The output should indicate a presence of the SOMANET node and pre-operational state if the slave side software is running:

0  0:0  PREOP  +  CiA402 Drive

3. Set all the parameters for you motor in the sc_sncn_ethercat_drive/examples/app_demo_master_cyclic/sdo_config/sdo_config.csv file This is a Comma Separated Values formatted files. The parameters are in the format:

index, subindex,      axis 1,      axis 2,      axis 3,      axis 4,      axis 5,      axis 6

4. Navigate with the terminal to the application directory on the hard disk. The compiled binaray is in the bin folder. Then execute the application. Use the -o flag if you want to enable sdo parameters upload from the sdo_config.csv file:

bin/app_demo_master_cyclic -o

5. The application will display the actual position, velocity and torque of each connected slaves. You can then switch to CSP, CSV or CST mode by pressing p, v or t and set a target value by typing a number and press enter:

-----------------------------------------------------------------------
Slave  0: Torque control            0
Position            6406599 | Velocity       9 | Torque    18
-----------------------------------------------------------------------

> 100

6. You can stop the selected slave with s (stop all the slaves with ss). Quit the app with q. And change the selected slave with the up and down keyboard arrows (the current selected slave is highlighted). If a slave in fault state you need to acknowledge the fault with a to reset it.

## Examine the code¶

Initialization:
• The master is initialized with ecw_master_init.
• Then we read the number of slaves with ecw_master_slave_count. Is is used later to loop through all the slaves.
• If enabled we uploads the sdo parameters with write_sdo_config using the parameter parsed from the sdo_config.csv file.
• The master is started with ecw_master_start
• The rest is initialisation of various data structures used by the app. The profiler settings are initialized using values from the command line arguments.
Main loop:

To be able to handle multiple slave all the functions of the main loop are executed for each slaves using a for loop with the slave count parameter. So each slave is handled independently. Only the commands entered by the user apply to only the selected slave. The selected slave is known by using the select local variable which is changed using the up and down arrows.

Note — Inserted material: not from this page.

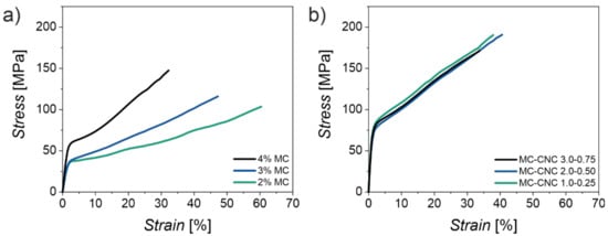 Mechanical properties of the MC-based fibers. (a) Stress–strain curves of pure MC fibers wet-spun from 2%, 3%, and 4% MC hydrogels (MW 88,000). Increased total solid content of gel appears to stiffen the resulting fibers. With low solid content, exceptional ductility above 50% is achieved. (b) Stress–strain curves of MC-CNC fibers with different total solid contents but with identical MC–CNC ratios (4:1). There the difference in total solid content of composite hydrogel is reflected mostly in the fiber diameter, whereas significant alterations in stiffness or ductility are not observed. Adapted with permission from [36]. Copyright 2021 John Wiley and Sons.

• In the main loop the communication with the slave is done with ecw_master_cyclic_function.
• The pdo values are read and write with pdo_handler.
• The display_slaves function display the slaves data (position, velocity, torque) and state.
• cs_command is managing the console commands. It will change the opmode, the selected slave and initialize the profiler when a new target is entered.
• state_machine_control is an important function. It manages the slave state machine to switch to the opmode selected by the user. It basically puts the slave in SWITCH_ON_DISABLED state when switching the opmode and in OP_ENABLED state to enable the operation after the opmode is set.
• target_generate generates a new position, velocity or torque target for each loop using the profiler.